Xtensa LX Square Root/Reciprocal Square Root Inline ASM Sequence

or: how I learned to stop using 0x5F3759DF and love the RSQRT0.S

While working on a personal project with an ESP32-S3, I noticed that while the toolchain-provided GCC seemed to generate the proper assembly sequences for floating-point division and square root, there wasn’t really a way to coax it into generating the reciprocal square root sequence, and so you’d be stuck doing both sequences on top of eachother (it’s been a while, it may have generated the actual RECIP.S sequence instead of the DIV.S one). That’s slow and it sucks and I hate it which are the three main factors that motivate me to write any software at all, so I made one of those fancy-pants GCC inline assembly functions with register constraints and clobbers and whatnot. I don’t know how often this will actually be useful but I couldn’t find it online at the time so I figure it’s worth documenting.

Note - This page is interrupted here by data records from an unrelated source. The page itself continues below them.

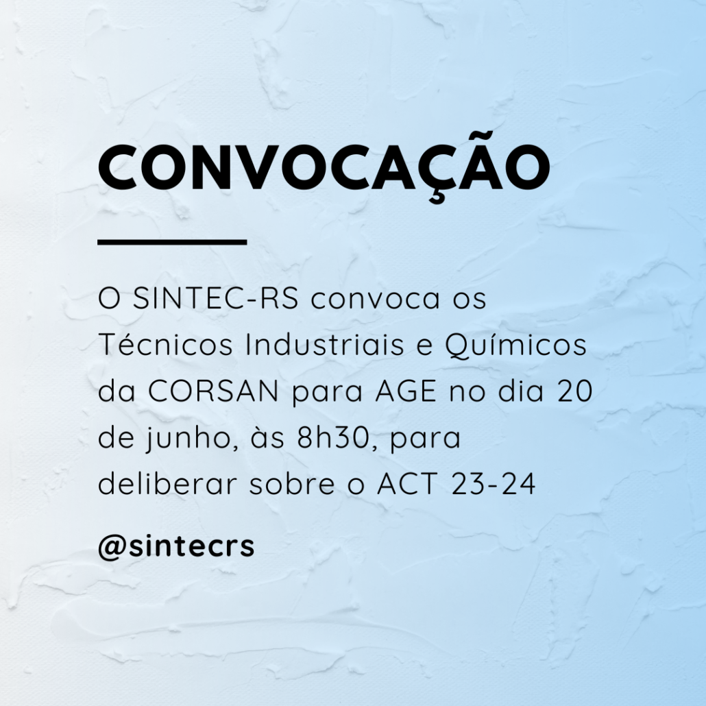 O Diretor-Presidente do SINDICATO DOS TÉCNICOS INDUSTRIAIS DE NÍVEL MÉDIO (2º grau) DO ESTADO DO RIO GRANDE DO SUL, no uso de suas atribuições legais e estatutárias, com base no Art. 5º, XXXV, 7º,VI, XIII, XIV, XXII e XXVI da CF/88, fundamentados pelos Art’s 8, 511 a 514, 545 a 548 e 578, 611 A, 620 da CLT, bem como pelo Art. 104 do Código Civil e também pelas Convenções nºs 103, 135, 154, E 158 da OIT; e pela Súmula 372 TST, convoca os Técnicos Industriais e Técnicos em Química, integrantes da categoria profissional da COMPANHIA RIOGRANDENSE DE SANEAMENTOCORSAN, para ASSEMBLEIA GERAL EXTRAORDINÁRIA, a realizar-se no dia 20 de junho de 2023, no Clube Farrapos, localizado na Rua Prof. Cristiano Fischer, 1331 – Jardim do Salso, nesta Capital, às 08h00min em primeira chamada e às 08h30min em segunda chamada, para deliberar sobre a seguinte ORDEM DO DIA:
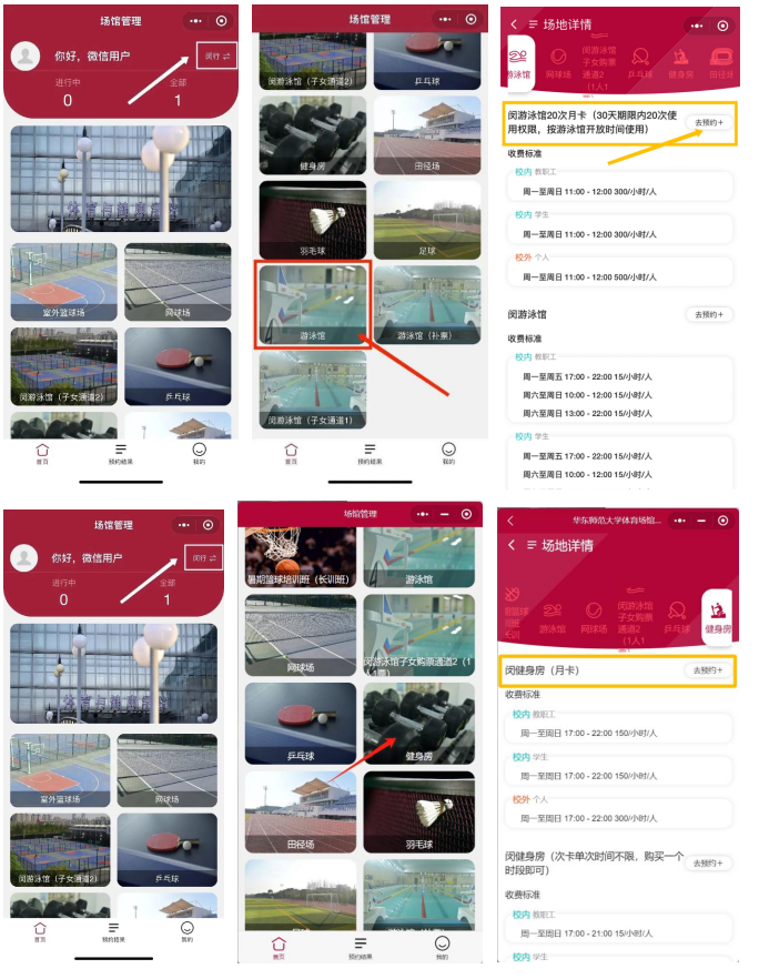 说明:月卡可通过完美网页版体育场馆管理系统小程序内“游泳馆月卡预约”或“健身房月卡预约”通道进行购买。月卡自办理日起有效期为30日。其中,游泳馆月卡有效期内可使用20次。健身房月卡有效期内不限使用次数,无论健身器械还是团操课程任你随意使用。
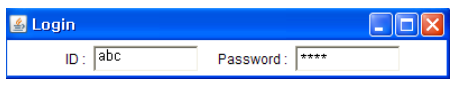 pwd.setEchoChar('*');// 입력한 값 대신 '*'가 보이도록 한다.

static float rsqrtsf(float x) {
	float a,b,c,d;
	float result;
	asm volatile(
		"rsqrt0.s	%[r], %[x]\n"
		"mul.s		%[a], %[x], %[r]\n"
		"const.s	%[b], 3\n"
		"mul.s		%[c], %[b], %[r]\n"
		"const.s	%[d], 1\n"
		"msub.s		%[d], %[a], %[r]\n"
		"madd.s		%[r], %[c], %[d]\n"
		"mul.s		%[a], %[x], %[r]\n"
		"mul.s		%[c], %[b], %[r]\n"
		"const.s	%[d], 1\n"
		"msub.s		%[d], %[a], %[r]\n"
		"maddn.s	%[r], %[c], %[d]\n"
		: [r]"=&f"(result),
		  [a]"=&f"(a),
		  [b]"=&f"(b),
		  [c]"=&f"(c),
		  [d]"=&f"(d)
		: [x]"f"(x)
	);
	return result;
}